Sometimes it's people having a bad attitude to safety. Most of the time, it's bosses who wanna cut corners on safety to maximize profits. This kills people more than anything.
DeWayfarer · 61-69, M
Even perspective is relative. There's a saying that sort of applies...

"Familiarity breeds contempt".

When it comes to safety though, those work in hazardous fields often forget this saying.

The safety regulations often have to get around this concept and why repetition on recertification often happens yearly.

Having worked with hazardous materials for over a decade this becomes very obvious. I had to be recertified in over a dozen areas yearly even though much of it was very similar.
Heartlander · 80-89, M
I've always sort of thought of OSHA as just the shallow end or the casual end of safety. The depth of killer type dangers in some workplaces are only really apparent to the insiders and the best OSHA can do is make sure that there are safety placards and warnings posted, and that people are trained and warned. But even with all that, a simple misstep or a single skipped step in a procedure can can be a killer.
Graylight · 51-55, F
In my experience (largely EMS and public safety), OSHA is treated as King, and for the reasons you just outlined.
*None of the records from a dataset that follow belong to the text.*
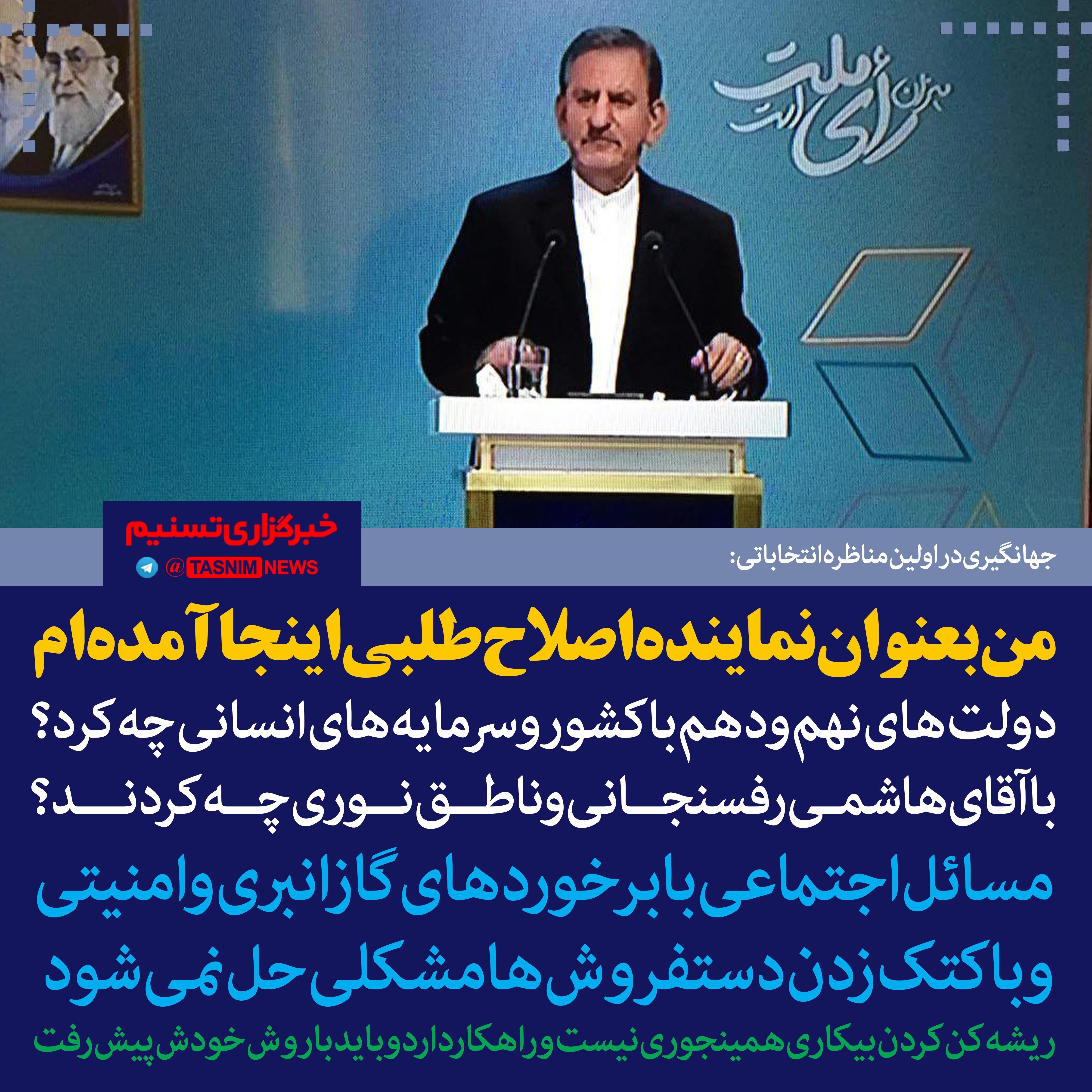 فتوتیتر/جهانگیری:من به عنوان نماینده اصلاح طلبی اینجا آمده ام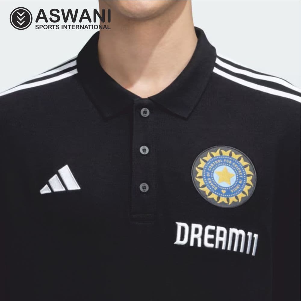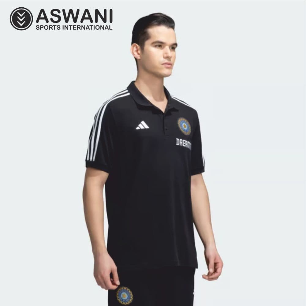 adidas India Cricket Travel Polo, Player Edition Shirt 2023-2024, Black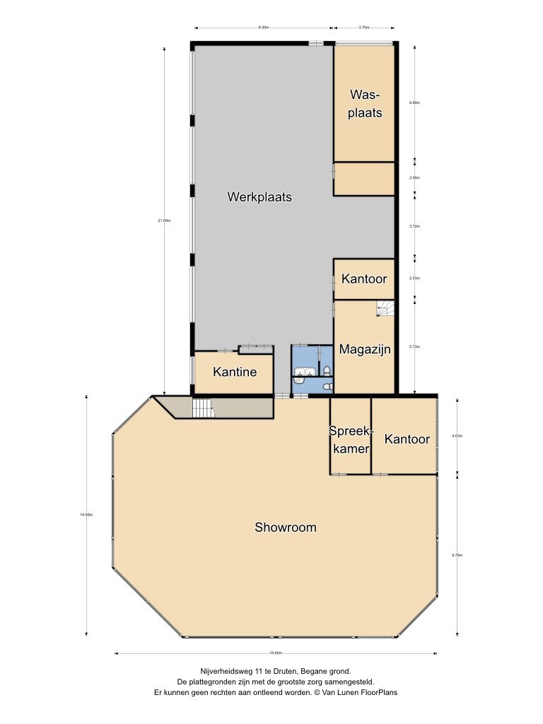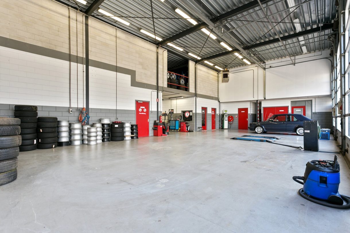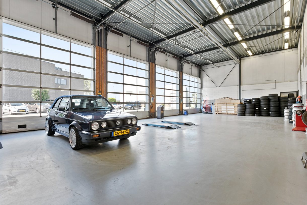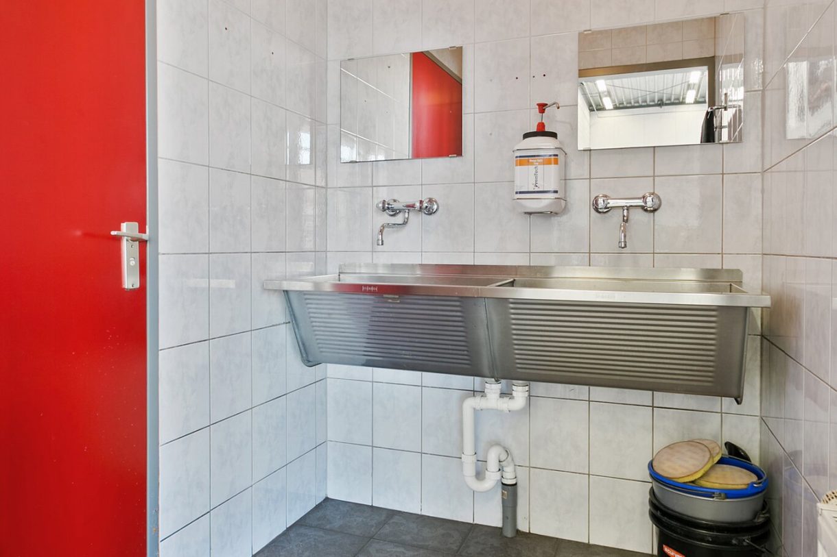 Werkplaats/productieruimte bestaande uit één grote ruimte met 4 overheaddeuren (doorrijhoogte 425 cm) met aangrenzend een kantine, magazijn opslag, kantoortje en wasplaats en op de verdieping archief en opslagruimte (vrije hoogte 550 cm).

We've never even questioned the guidelines; we just follow them because we know they're sound.

But no protection in the known world would get me to work with electricity. 😲
MethDozer · M
Eh, as a worker it's love/hate relationship.

They're good to have in general to keep the bosses and profiteers from killing you at work. Yet there's quite a few rules that are kinda eye rolly and/or make doing the actual work just nore difficult or obnoxious. Sometimes even near impossible. Murphy's law then just dictates that on onebof these cases where you bend a minor OSHA rule where it really isn't a big deal that over zealous OSHA inspector in perfectly creased jeans, sparkling clean steal toes, and a 5 year old hard hat that looks brand new comes and writes you up because the saftey cones are spaced 30 inches instead of 24 or some other dumb ass infraction. Or you didn't put a saftey harness on while moving the boom lift across the parking lot even though you never went up anywherr in it and the basket is solid wire fence up to your tits.